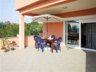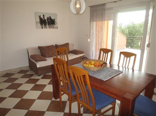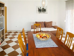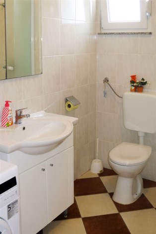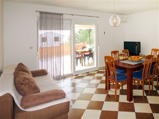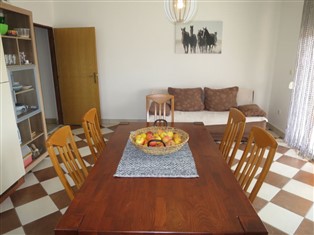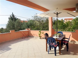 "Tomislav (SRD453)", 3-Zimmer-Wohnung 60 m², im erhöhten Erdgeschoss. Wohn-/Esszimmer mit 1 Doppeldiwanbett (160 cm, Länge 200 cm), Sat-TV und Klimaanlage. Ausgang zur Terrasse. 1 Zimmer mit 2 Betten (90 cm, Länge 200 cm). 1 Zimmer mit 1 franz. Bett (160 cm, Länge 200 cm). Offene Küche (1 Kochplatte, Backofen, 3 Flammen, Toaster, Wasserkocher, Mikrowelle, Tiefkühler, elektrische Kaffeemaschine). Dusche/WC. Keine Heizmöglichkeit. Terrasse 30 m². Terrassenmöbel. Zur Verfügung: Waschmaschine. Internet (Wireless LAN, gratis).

...

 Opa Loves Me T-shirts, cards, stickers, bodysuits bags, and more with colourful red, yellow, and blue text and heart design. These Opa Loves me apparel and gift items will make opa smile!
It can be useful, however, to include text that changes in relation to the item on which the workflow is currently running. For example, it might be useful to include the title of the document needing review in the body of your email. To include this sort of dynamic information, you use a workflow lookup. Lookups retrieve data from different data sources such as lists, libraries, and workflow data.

--

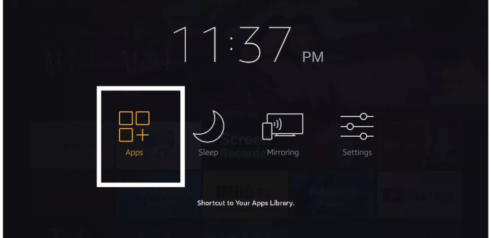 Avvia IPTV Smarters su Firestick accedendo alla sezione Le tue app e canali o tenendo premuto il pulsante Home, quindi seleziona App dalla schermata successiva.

TASK REQUIREMENTS ▸
Out of the material above, gather each line where "text" appears.

WRITTEN ANSWER ▸
 Opa Loves Me T-shirts, cards, stickers, bodysuits bags, and more with colourful red, yellow, and blue text and heart design. These Opa Loves me apparel and gift items will make opa smile!
It can be useful, however, to include text that changes in relation to the item on which the workflow is currently running. For example, it might be useful to include the title of the document needing review in the body of your email. To include this sort of dynamic information, you use a workflow lookup. Lookups retrieve data from different data sources such as lists, libraries, and workflow data.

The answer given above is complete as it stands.